*Task requirements:* The expected output is every entry, repeated exactly.
━━ The data
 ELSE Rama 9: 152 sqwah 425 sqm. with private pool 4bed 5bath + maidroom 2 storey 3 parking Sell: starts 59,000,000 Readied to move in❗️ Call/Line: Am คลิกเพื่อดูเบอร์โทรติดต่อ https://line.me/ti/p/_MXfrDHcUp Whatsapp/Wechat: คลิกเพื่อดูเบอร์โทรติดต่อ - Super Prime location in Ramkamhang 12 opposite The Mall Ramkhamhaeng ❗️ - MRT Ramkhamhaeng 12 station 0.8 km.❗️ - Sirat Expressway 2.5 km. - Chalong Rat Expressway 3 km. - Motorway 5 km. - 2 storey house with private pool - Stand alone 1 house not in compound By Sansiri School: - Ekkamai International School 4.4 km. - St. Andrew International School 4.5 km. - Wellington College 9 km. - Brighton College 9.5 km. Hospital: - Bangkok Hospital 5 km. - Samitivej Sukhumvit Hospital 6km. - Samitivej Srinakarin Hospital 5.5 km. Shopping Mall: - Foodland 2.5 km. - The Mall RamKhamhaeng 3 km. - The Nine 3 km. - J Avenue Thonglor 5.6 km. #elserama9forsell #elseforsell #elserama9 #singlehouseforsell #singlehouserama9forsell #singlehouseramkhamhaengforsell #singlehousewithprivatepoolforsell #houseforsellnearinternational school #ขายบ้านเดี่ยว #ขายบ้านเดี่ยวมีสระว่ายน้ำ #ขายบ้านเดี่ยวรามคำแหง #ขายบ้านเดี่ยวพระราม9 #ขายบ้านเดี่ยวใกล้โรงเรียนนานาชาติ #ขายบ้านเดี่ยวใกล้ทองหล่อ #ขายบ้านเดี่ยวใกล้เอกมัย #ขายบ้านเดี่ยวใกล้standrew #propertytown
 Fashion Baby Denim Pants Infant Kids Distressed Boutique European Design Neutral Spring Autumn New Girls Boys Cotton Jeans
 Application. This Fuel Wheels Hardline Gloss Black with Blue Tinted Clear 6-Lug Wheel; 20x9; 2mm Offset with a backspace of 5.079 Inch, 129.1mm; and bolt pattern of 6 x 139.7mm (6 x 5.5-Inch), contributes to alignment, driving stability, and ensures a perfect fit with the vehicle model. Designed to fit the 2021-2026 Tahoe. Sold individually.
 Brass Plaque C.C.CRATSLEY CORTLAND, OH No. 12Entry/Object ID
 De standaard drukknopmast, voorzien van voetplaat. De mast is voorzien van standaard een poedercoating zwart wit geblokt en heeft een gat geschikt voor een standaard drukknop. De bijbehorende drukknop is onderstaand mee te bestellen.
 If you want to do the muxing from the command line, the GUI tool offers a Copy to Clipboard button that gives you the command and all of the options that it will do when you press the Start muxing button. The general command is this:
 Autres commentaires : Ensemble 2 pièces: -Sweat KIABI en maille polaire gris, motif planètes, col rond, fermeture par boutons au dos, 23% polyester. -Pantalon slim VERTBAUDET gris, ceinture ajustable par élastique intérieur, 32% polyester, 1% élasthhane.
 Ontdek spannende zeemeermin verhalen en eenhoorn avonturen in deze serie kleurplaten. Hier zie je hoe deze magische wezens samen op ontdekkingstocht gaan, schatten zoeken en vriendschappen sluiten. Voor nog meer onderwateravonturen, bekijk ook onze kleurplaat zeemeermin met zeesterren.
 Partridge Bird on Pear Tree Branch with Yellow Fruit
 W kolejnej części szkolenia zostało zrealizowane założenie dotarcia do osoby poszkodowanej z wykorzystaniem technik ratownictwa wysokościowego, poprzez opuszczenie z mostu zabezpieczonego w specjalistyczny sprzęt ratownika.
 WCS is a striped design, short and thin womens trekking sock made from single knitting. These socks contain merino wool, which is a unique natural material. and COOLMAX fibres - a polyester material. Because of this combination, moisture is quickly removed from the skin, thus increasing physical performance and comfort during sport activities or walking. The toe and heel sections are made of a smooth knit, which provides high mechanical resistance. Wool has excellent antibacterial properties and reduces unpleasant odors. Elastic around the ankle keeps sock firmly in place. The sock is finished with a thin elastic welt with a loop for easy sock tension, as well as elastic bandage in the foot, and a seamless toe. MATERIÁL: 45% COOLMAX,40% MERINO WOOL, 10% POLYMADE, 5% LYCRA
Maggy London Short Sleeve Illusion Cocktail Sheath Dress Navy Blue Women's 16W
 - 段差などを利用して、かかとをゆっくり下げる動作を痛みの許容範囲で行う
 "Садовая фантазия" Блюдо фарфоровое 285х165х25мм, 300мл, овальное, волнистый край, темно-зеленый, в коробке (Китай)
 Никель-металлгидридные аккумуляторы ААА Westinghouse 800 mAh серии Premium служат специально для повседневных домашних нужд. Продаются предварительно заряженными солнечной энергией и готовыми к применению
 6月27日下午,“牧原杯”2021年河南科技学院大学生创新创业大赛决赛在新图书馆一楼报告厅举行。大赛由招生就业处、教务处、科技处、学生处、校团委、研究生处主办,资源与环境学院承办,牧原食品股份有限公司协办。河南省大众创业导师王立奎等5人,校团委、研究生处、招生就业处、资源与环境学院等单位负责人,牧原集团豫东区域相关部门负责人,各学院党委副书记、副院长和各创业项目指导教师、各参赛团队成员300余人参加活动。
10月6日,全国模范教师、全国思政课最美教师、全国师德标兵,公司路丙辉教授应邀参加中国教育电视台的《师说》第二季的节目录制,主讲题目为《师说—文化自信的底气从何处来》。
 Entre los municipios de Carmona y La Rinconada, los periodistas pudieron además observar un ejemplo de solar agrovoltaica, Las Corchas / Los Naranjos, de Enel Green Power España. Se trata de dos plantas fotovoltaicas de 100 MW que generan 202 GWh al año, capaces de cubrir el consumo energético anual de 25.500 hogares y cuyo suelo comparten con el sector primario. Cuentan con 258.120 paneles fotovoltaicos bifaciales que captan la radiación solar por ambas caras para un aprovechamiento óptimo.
━━━━
*Written solution:*
 ELSE Rama 9: 152 sqwah 425 sqm. with private pool 4bed 5bath + maidroom 2 storey 3 parking Sell: starts 59,000,000 Readied to move in❗️ Call/Line: Am คลิกเพื่อดูเบอร์โทรติดต่อ https://line.me/ti/p/_MXfrDHcUp Whatsapp/Wechat: คลิกเพื่อดูเบอร์โทรติดต่อ - Super Prime location in Ramkamhang 12 opposite The Mall Ramkhamhaeng ❗️ - MRT Ramkhamhaeng 12 station 0.8 km.❗️ - Sirat Expressway 2.5 km. - Chalong Rat Expressway 3 km. - Motorway 5 km. - 2 storey house with private pool - Stand alone 1 house not in compound By Sansiri School: - Ekkamai International School 4.4 km. - St. Andrew International School 4.5 km. - Wellington College 9 km. - Brighton College 9.5 km. Hospital: - Bangkok Hospital 5 km. - Samitivej Sukhumvit Hospital 6km. - Samitivej Srinakarin Hospital 5.5 km. Shopping Mall: - Foodland 2.5 km. - The Mall RamKhamhaeng 3 km. - The Nine 3 km. - J Avenue Thonglor 5.6 km. #elserama9forsell #elseforsell #elserama9 #singlehouseforsell #singlehouserama9forsell #singlehouseramkhamhaengforsell #singlehousewithprivatepoolforsell #houseforsellnearinternational school #ขายบ้านเดี่ยว #ขายบ้านเดี่ยวมีสระว่ายน้ำ #ขายบ้านเดี่ยวรามคำแหง #ขายบ้านเดี่ยวพระราม9 #ขายบ้านเดี่ยวใกล้โรงเรียนนานาชาติ #ขายบ้านเดี่ยวใกล้ทองหล่อ #ขายบ้านเดี่ยวใกล้เอกมัย #ขายบ้านเดี่ยวใกล้standrew #propertytown
 Fashion Baby Denim Pants Infant Kids Distressed Boutique European Design Neutral Spring Autumn New Girls Boys Cotton Jeans
 Application. This Fuel Wheels Hardline Gloss Black with Blue Tinted Clear 6-Lug Wheel; 20x9; 2mm Offset with a backspace of 5.079 Inch, 129.1mm; and bolt pattern of 6 x 139.7mm (6 x 5.5-Inch), contributes to alignment, driving stability, and ensures a perfect fit with the vehicle model. Designed to fit the 2021-2026 Tahoe. Sold individually.
 Brass Plaque C.C.CRATSLEY CORTLAND, OH No. 12Entry/Object ID
 De standaard drukknopmast, voorzien van voetplaat. De mast is voorzien van standaard een poedercoating zwart wit geblokt en heeft een gat geschikt voor een standaard drukknop. De bijbehorende drukknop is onderstaand mee te bestellen.
 If you want to do the muxing from the command line, the GUI tool offers a Copy to Clipboard button that gives you the command and all of the options that it will do when you press the Start muxing button. The general command is this:
 Autres commentaires : Ensemble 2 pièces: -Sweat KIABI en maille polaire gris, motif planètes, col rond, fermeture par boutons au dos, 23% polyester. -Pantalon slim VERTBAUDET gris, ceinture ajustable par élastique intérieur, 32% polyester, 1% élasthhane.
 Ontdek spannende zeemeermin verhalen en eenhoorn avonturen in deze serie kleurplaten. Hier zie je hoe deze magische wezens samen op ontdekkingstocht gaan, schatten zoeken en vriendschappen sluiten. Voor nog meer onderwateravonturen, bekijk ook onze kleurplaat zeemeermin met zeesterren.
 Partridge Bird on Pear Tree Branch with Yellow Fruit
 W kolejnej części szkolenia zostało zrealizowane założenie dotarcia do osoby poszkodowanej z wykorzystaniem technik ratownictwa wysokościowego, poprzez opuszczenie z mostu zabezpieczonego w specjalistyczny sprzęt ratownika.
 WCS is a striped design, short and thin womens trekking sock made from single knitting. These socks contain merino wool, which is a unique natural material. and COOLMAX fibres - a polyester material. Because of this combination, moisture is quickly removed from the skin, thus increasing physical performance and comfort during sport activities or walking. The toe and heel sections are made of a smooth knit, which provides high mechanical resistance. Wool has excellent antibacterial properties and reduces unpleasant odors. Elastic around the ankle keeps sock firmly in place. The sock is finished with a thin elastic welt with a loop for easy sock tension, as well as elastic bandage in the foot, and a seamless toe. MATERIÁL: 45% COOLMAX,40% MERINO WOOL, 10% POLYMADE, 5% LYCRA
Maggy London Short Sleeve Illusion Cocktail Sheath Dress Navy Blue Women's 16W
 - 段差などを利用して、かかとをゆっくり下げる動作を痛みの許容範囲で行う
 "Садовая фантазия" Блюдо фарфоровое 285х165х25мм, 300мл, овальное, волнистый край, темно-зеленый, в коробке (Китай)
 Никель-металлгидридные аккумуляторы ААА Westinghouse 800 mAh серии Premium служат специально для повседневных домашних нужд. Продаются предварительно заряженными солнечной энергией и готовыми к применению
 6月27日下午,“牧原杯”2021年河南科技学院大学生创新创业大赛决赛在新图书馆一楼报告厅举行。大赛由招生就业处、教务处、科技处、学生处、校团委、研究生处主办,资源与环境学院承办,牧原食品股份有限公司协办。河南省大众创业导师王立奎等5人,校团委、研究生处、招生就业处、资源与环境学院等单位负责人,牧原集团豫东区域相关部门负责人,各学院党委副书记、副院长和各创业项目指导教师、各参赛团队成员300余人参加活动。
10月6日,全国模范教师、全国思政课最美教师、全国师德标兵,公司路丙辉教授应邀参加中国教育电视台的《师说》第二季的节目录制,主讲题目为《师说—文化自信的底气从何处来》。
 Entre los municipios de Carmona y La Rinconada, los periodistas pudieron además observar un ejemplo de solar agrovoltaica, Las Corchas / Los Naranjos, de Enel Green Power España. Se trata de dos plantas fotovoltaicas de 100 MW que generan 202 GWh al año, capaces de cubrir el consumo energético anual de 25.500 hogares y cuyo suelo comparten con el sector primario. Cuentan con 258.120 paneles fotovoltaicos bifaciales que captan la radiación solar por ambas caras para un aprovechamiento óptimo.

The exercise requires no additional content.